Under the Kenyan Act No 12 of 2010 (Kenyan Act) implementing a merger without obtaining approval from the CAK is an offence and the party concerned "shall be liable on conviction to imprisonment for a term not exceeding five years or to a fine not exceeding ten million shillings, or both". Moreover, the CAK may seek to impose a financial penalty of up to 10% of the gross annual turnover derived by the merging parties in the preceding financial year.

Earlier this year, the CAK sought to criminally penalise (by lodging a complaint with the Director of Public Prosecution, which subsequently referred the matter to the Directorate of Criminal Investigations) the executives of Ipsos for failing to secure such regulatory approval prior to implementing its £525 million acquisition of the Synovate division of the Aegis Group Plc's in Kenya. The acquisition dates back to October 2011 and is reported to have created the world's third-largest global market research company.

The CAK's decision to seek criminal sanctions for failing to obtain regulatory approval demonstrates that competition law enforcement in Kenya is on the rise. At this stage, it is unclear whether the Directorate of Criminal Investigations will also require that the merger be unwound. The unwinding of a merger which was implemented in 2011, will place the merging parties in the unenviable position of having to unbundle a merged business which has been operating as such for almost three years.

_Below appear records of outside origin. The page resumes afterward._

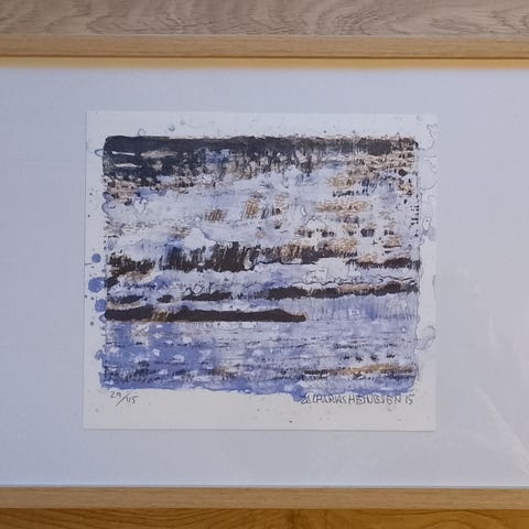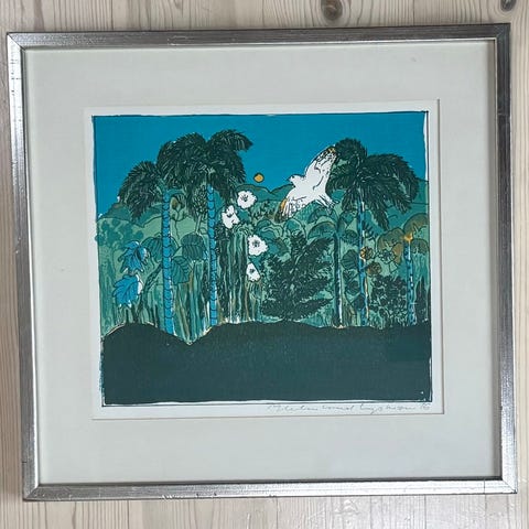 Mysteriespil. Litografi. Ca 45 x31 cm. Med dedikation til hans gallerist.
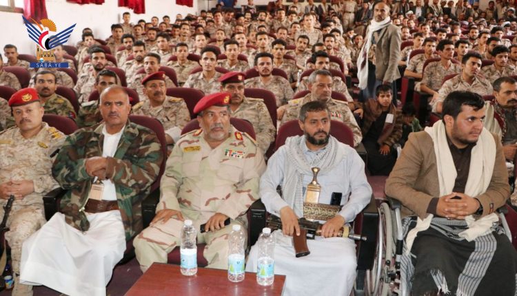فيما أشار مدير مكتب قائد المنطقة الرابعة المقدم علي الشرفي وممثل عن العائدين العقيد علي الصبري وعن خريجي الدفع العسكرية حمزي الحمزي، إلى أهمية التصدي للعدوان وإفشال مؤامراته بحق اليمن أرضاً وإنساناً.
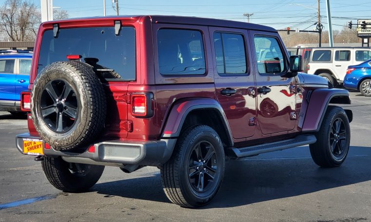 Sky One-Touch POWER TOP! 1 Owner! Snazzberry Pearl Paint! Altitude Appearance Package! 4X4 – Remote Start – GPS Navigation – Heated Leather Seats – Heated Leather-Wrapped Steering Wheel – Push-Button Ignition – Black Exterior Trim – Removeable Rear Quarter Windows – Gorilla Glass Windshield – Power/Heated Mirrors – Rear Parking Camera – 8.4-Inch Touchscreen Radio Display – Premium Alpine Stereo System – Android Auto – Apple CarPlay – Bluetooth For Phone – Satellite Radio – Automatic Climate Control – 115V AC Power Outlet – USB Charge Ports – Universal Garage Door Opener – 4G LTE Wi-Fi Hotspot – 18-Inch Painted Alloy Wheels – Automatic Headlamps – Fog Lamps – AND MORE! Visit WWW.SHERRYCHRYSLER.COM to see more pictures and a detailed HD video of this Snazzberry Pearlcoat 2022 Jeep Wrangler Unlimited Sahara Altitude 4WD Convertible SUV for sale in Piqua, Ohio. Do you know that we offer competitive financing options and can assist with delivery? These are only some of the ways Paul Sherry goes above and beyond! *See Dealer To Confirm Specific Equipment*
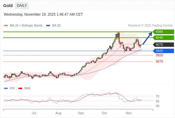 在 3925 之上,看涨,目标价位为 4240 ,然后为 4380 。
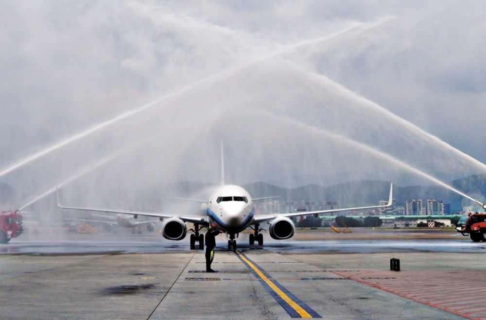 2008年,兩岸“三通”啟動常態(tài)包機(jī),廈航成為廈門、福州和杭州航點的運營航空公司。這是2008年12月15日,臺北松山機(jī)場以“水門”儀式迎接廈航常態(tài)化包機(jī)。
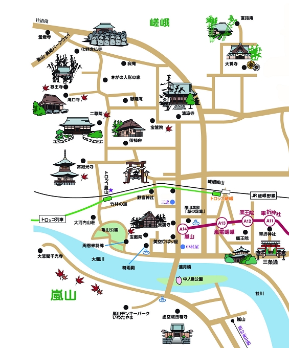 (此圖出處為小氣少年Blog中的這篇:[行程懶人包-京都.嵐山] 經典嵐山路線)
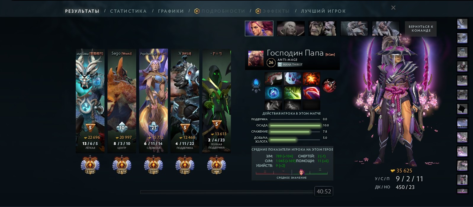 Почти на равных сыграли. В противоположной тиме рубен+рудж царили просто нереально - топовый уровень саппов как у прокотлет. Не смотрел, стак у них или нет - но скорей всего как минимум эти двое в стаке - слишком слаженно работали на карте. У нас только алхимос оказался отсосным - но он в конце матча извинился за дерьмовую игру. Не пошло - бывает. Я на аме просто пушил линии/долбил вышки и изредка подскакивал помочь.

In transactions involving firms with operations in Africa (and in certain instances even sales alone into a particular African country is enough to confer jurisdiction), it is imperative for transacting parties to determine whether the transaction will have an effect in any African jurisdictions which have merger regulations and then to ensure that the relevant authorities are notified accordingly. Given that Kenya has not yet incorporated the Common Market for Eastern and Southern Africa (COMESA) regulations into its own national laws, it remains to be seen whether the CAK will seek to impose similar penalties on firms failing to notify domestically in Kenya where those firms have notified the COMESA competition authorities. Clearly, there an urgent need for clarity in this regard.